● EXERCISE REQUIREMENTS
The data below should be restated word for word, pictures omitted.

START DATA SUPPLIED

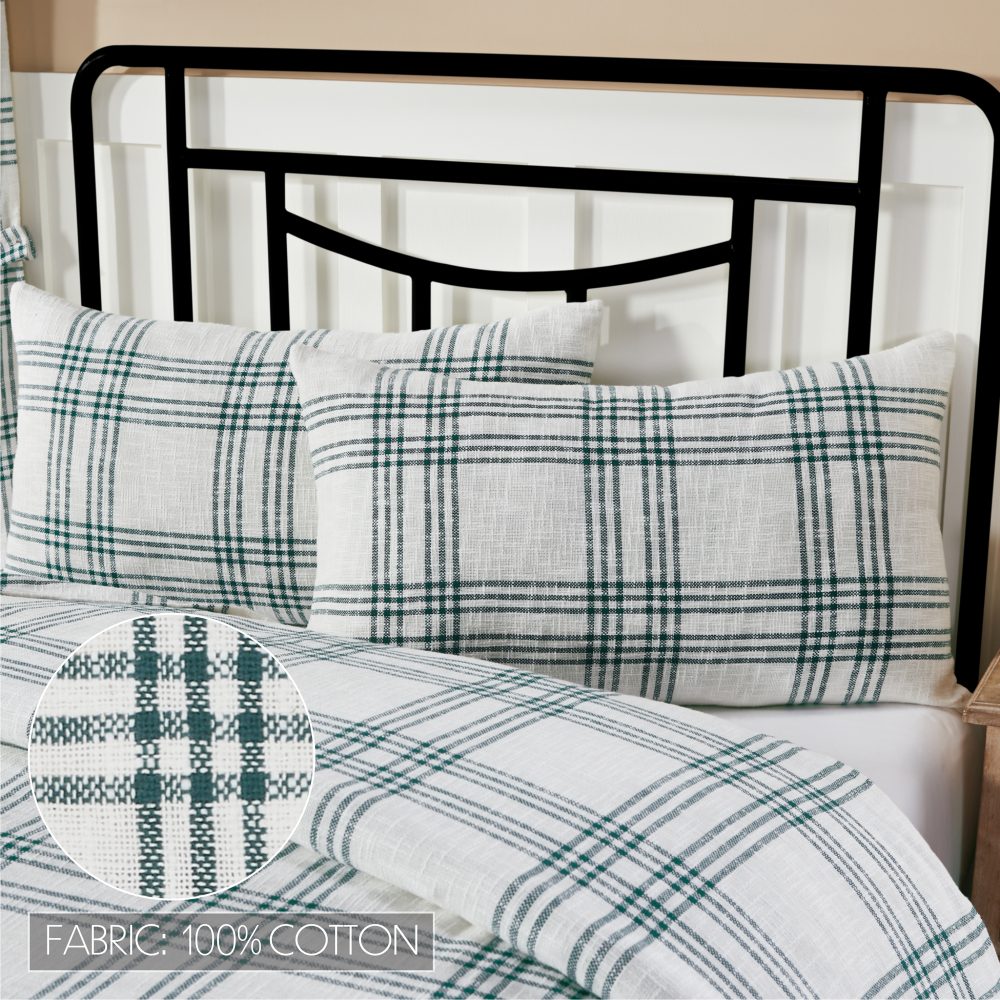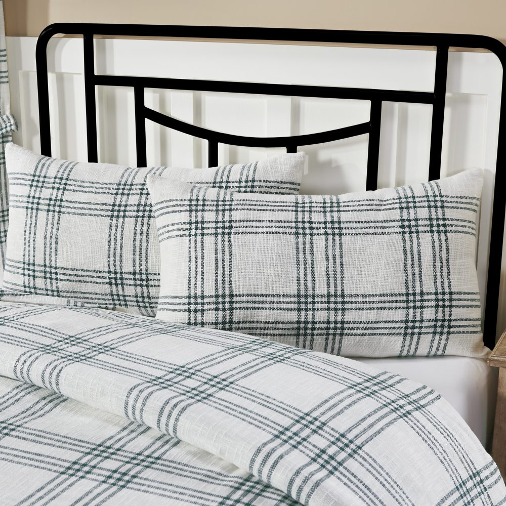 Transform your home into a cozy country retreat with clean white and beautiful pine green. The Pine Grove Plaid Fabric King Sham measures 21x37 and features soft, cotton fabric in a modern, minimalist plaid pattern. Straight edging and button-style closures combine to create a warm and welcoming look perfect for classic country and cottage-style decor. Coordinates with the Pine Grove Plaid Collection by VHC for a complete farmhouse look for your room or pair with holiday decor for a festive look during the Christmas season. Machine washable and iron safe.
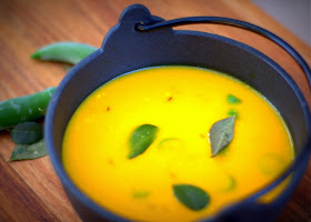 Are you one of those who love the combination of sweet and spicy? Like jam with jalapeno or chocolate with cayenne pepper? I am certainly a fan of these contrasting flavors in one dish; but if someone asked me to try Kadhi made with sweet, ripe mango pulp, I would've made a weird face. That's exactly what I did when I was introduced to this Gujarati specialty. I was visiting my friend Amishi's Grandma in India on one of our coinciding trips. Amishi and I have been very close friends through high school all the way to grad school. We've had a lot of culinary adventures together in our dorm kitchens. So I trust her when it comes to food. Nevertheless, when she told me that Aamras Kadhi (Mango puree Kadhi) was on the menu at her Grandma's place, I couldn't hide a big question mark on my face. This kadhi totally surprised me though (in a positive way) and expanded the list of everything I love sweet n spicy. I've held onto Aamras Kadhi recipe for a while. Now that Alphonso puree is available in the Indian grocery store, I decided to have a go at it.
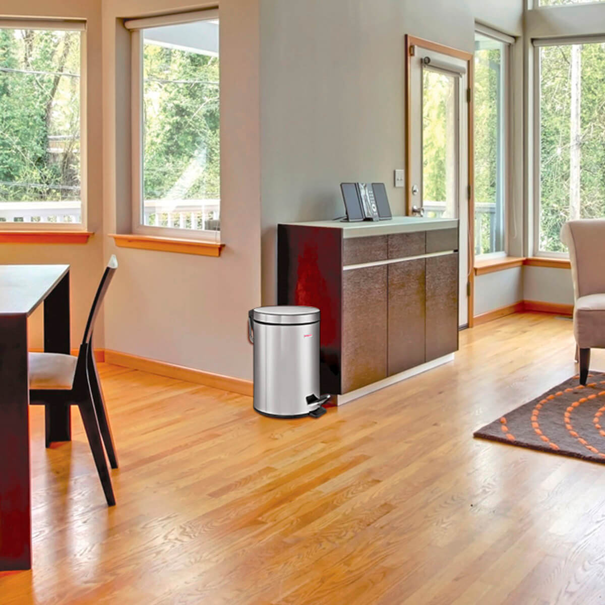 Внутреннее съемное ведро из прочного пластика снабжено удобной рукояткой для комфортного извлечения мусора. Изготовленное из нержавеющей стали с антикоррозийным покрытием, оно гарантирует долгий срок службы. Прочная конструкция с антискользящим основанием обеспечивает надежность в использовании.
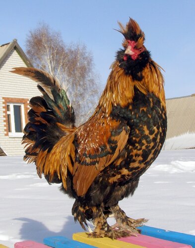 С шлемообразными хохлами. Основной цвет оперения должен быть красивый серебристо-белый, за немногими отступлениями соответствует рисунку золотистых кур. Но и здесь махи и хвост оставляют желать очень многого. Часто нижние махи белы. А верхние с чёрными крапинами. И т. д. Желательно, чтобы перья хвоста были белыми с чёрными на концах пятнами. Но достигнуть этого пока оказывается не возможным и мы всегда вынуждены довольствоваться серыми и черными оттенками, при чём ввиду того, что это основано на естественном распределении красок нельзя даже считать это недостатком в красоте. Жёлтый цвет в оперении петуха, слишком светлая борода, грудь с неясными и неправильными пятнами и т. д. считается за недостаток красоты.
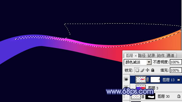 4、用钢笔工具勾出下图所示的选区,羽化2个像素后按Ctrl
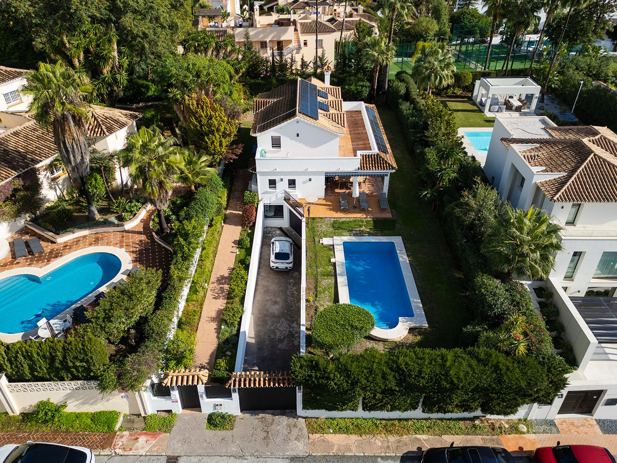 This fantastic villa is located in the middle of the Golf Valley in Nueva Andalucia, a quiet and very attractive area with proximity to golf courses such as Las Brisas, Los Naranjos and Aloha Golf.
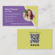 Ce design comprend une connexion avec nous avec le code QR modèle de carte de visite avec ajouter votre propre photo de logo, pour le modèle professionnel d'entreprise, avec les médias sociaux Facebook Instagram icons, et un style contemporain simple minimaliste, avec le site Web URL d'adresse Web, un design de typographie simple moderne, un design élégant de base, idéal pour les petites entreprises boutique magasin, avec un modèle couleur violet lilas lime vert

END DATA SUPPLIED

● FINISHED EXERCISE
 Transform your home into a cozy country retreat with clean white and beautiful pine green. The Pine Grove Plaid Fabric King Sham measures 21x37 and features soft, cotton fabric in a modern, minimalist plaid pattern. Straight edging and button-style closures combine to create a warm and welcoming look perfect for classic country and cottage-style decor. Coordinates with the Pine Grove Plaid Collection by VHC for a complete farmhouse look for your room or pair with holiday decor for a festive look during the Christmas season. Machine washable and iron safe.
 Are you one of those who love the combination of sweet and spicy? Like jam with jalapeno or chocolate with cayenne pepper? I am certainly a fan of these contrasting flavors in one dish; but if someone asked me to try Kadhi made with sweet, ripe mango pulp, I would've made a weird face. That's exactly what I did when I was introduced to this Gujarati specialty. I was visiting my friend Amishi's Grandma in India on one of our coinciding trips. Amishi and I have been very close friends through high school all the way to grad school. We've had a lot of culinary adventures together in our dorm kitchens. So I trust her when it comes to food. Nevertheless, when she told me that Aamras Kadhi (Mango puree Kadhi) was on the menu at her Grandma's place, I couldn't hide a big question mark on my face. This kadhi totally surprised me though (in a positive way) and expanded the list of everything I love sweet n spicy. I've held onto Aamras Kadhi recipe for a while. Now that Alphonso puree is available in the Indian grocery store, I decided to have a go at it.
 Внутреннее съемное ведро из прочного пластика снабжено удобной рукояткой для комфортного извлечения мусора. Изготовленное из нержавеющей стали с антикоррозийным покрытием, оно гарантирует долгий срок службы. Прочная конструкция с антискользящим основанием обеспечивает надежность в использовании.
 С шлемообразными хохлами. Основной цвет оперения должен быть красивый серебристо-белый, за немногими отступлениями соответствует рисунку золотистых кур. Но и здесь махи и хвост оставляют желать очень многого. Часто нижние махи белы. А верхние с чёрными крапинами. И т. д. Желательно, чтобы перья хвоста были белыми с чёрными на концах пятнами. Но достигнуть этого пока оказывается не возможным и мы всегда вынуждены довольствоваться серыми и черными оттенками, при чём ввиду того, что это основано на естественном распределении красок нельзя даже считать это недостатком в красоте. Жёлтый цвет в оперении петуха, слишком светлая борода, грудь с неясными и неправильными пятнами и т. д. считается за недостаток красоты.
 4、用钢笔工具勾出下图所示的选区,羽化2个像素后按Ctrl
 This fantastic villa is located in the middle of the Golf Valley in Nueva Andalucia, a quiet and very attractive area with proximity to golf courses such as Las Brisas, Los Naranjos and Aloha Golf.
 Ce design comprend une connexion avec nous avec le code QR modèle de carte de visite avec ajouter votre propre photo de logo, pour le modèle professionnel d'entreprise, avec les médias sociaux Facebook Instagram icons, et un style contemporain simple minimaliste, avec le site Web URL d'adresse Web, un design de typographie simple moderne, un design élégant de base, idéal pour les petites entreprises boutique magasin, avec un modèle couleur violet lilas lime vert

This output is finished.